# [Exercise instructions]
Do not repeat pictures. Repeat exactly the lines of the listing below from its first line through the line with "Polished pebble leather|".

# [Records for processing]
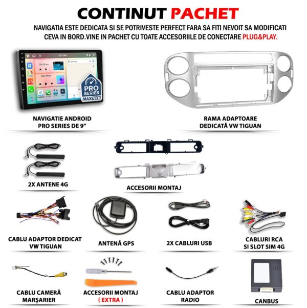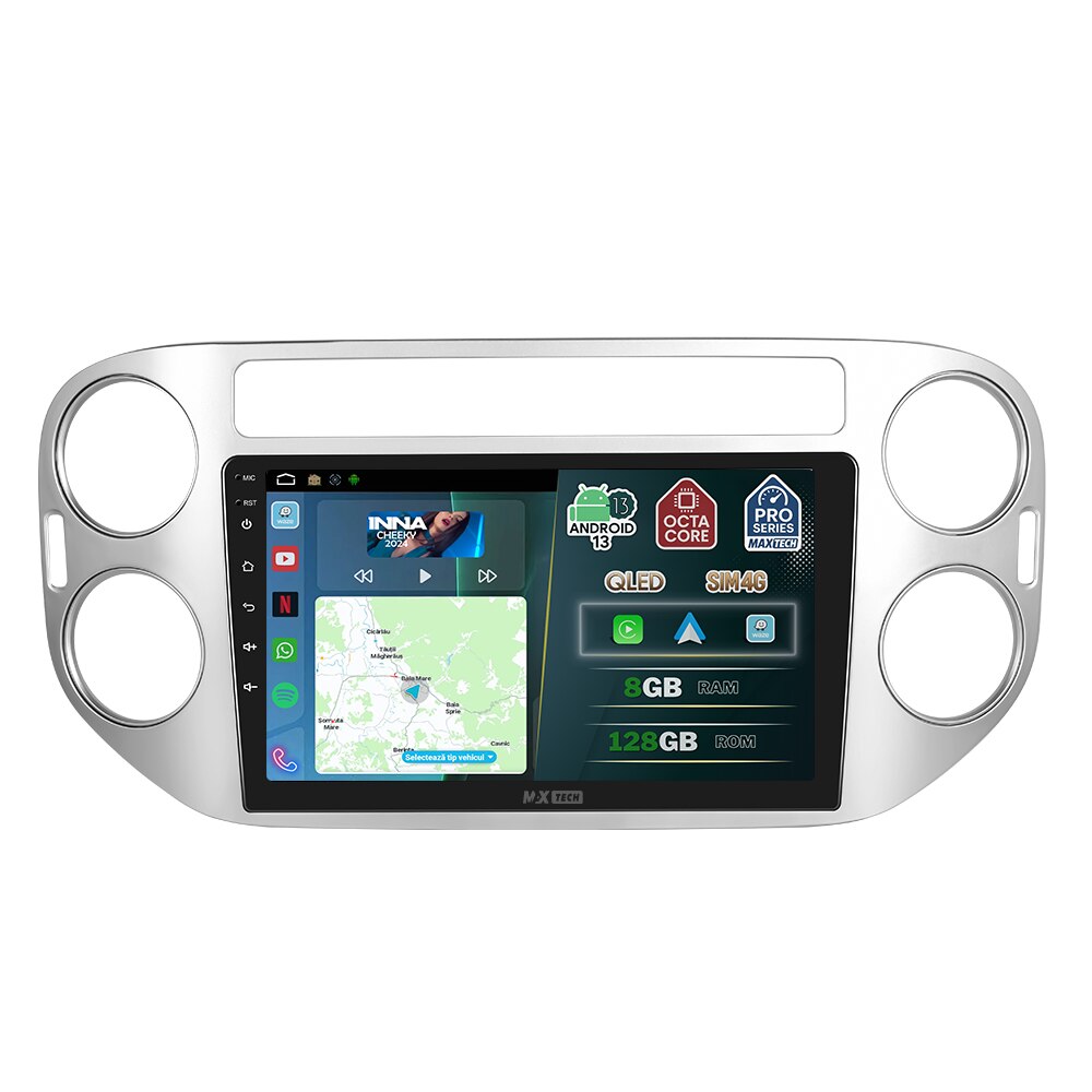 Navigatie Volkswagen Tiguan 2007-2016 dedicata, MaxTech® PRO SERIES, 8 GB Ram 128 GB Rom OctaCore, Carplay & Android auto, Ecran 9” HD Touch, SIM 4G, GPS, Wifi, Bluetooth, Radio, EQ, Waze, Youtube
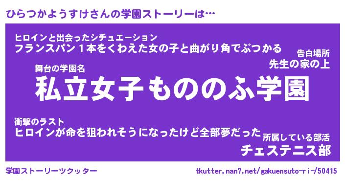 | 女子向けラノベタイトル風あだ名 | 『誰かこのひらつかようすけを説明してください! ~契約から始まるウェディング~』 |
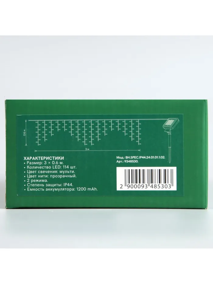 Гирлянда «Бахрома», 3×0.6 м, уличная, IP44, 114 LED, 8 режимов, солнечная батарея, прозрачная нить, свечение мульти — Характеристики
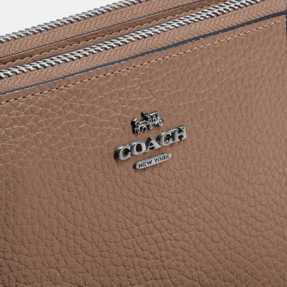 Polished pebble leather| Four credit card slots| Double zip closure, fabric lining| Center open compartment| Detachable wrist strap| Detachable long strap with 23" drop for shoulder or crossbody wear| 7 1/2" (L) x 4" (H) x 1 3/4" (W)
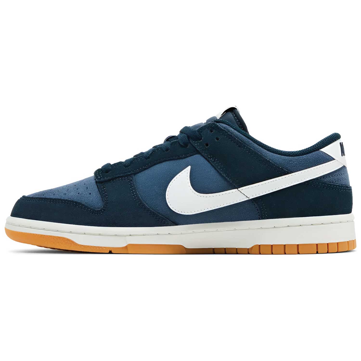 The Dunk Low SE 'Armory Navy Gum' combines a deep navy leather upper with matching overlays and a classic gum sole, offering a bold yet versatile look. Designed for all-day comfort, this low-top sneaker features durable compounds, a clean silhouette, and a street-ready edge perfect for both casual wear and skate style.

# [Task answer]
 Navigatie Volkswagen Tiguan 2007-2016 dedicata, MaxTech® PRO SERIES, 8 GB Ram 128 GB Rom OctaCore, Carplay & Android auto, Ecran 9” HD Touch, SIM 4G, GPS, Wifi, Bluetooth, Radio, EQ, Waze, Youtube
 | 女子向けラノベタイトル風あだ名 | 『誰かこのひらつかようすけを説明してください! ~契約から始まるウェディング~』 |
 Гирлянда «Бахрома», 3×0.6 м, уличная, IP44, 114 LED, 8 режимов, солнечная батарея, прозрачная нить, свечение мульти — Характеристики
 Polished pebble leather| Four credit card slots| Double zip closure, fabric lining| Center open compartment| Detachable wrist strap| Detachable long strap with 23" drop for shoulder or crossbody wear| 7 1/2" (L) x 4" (H) x 1 3/4" (W)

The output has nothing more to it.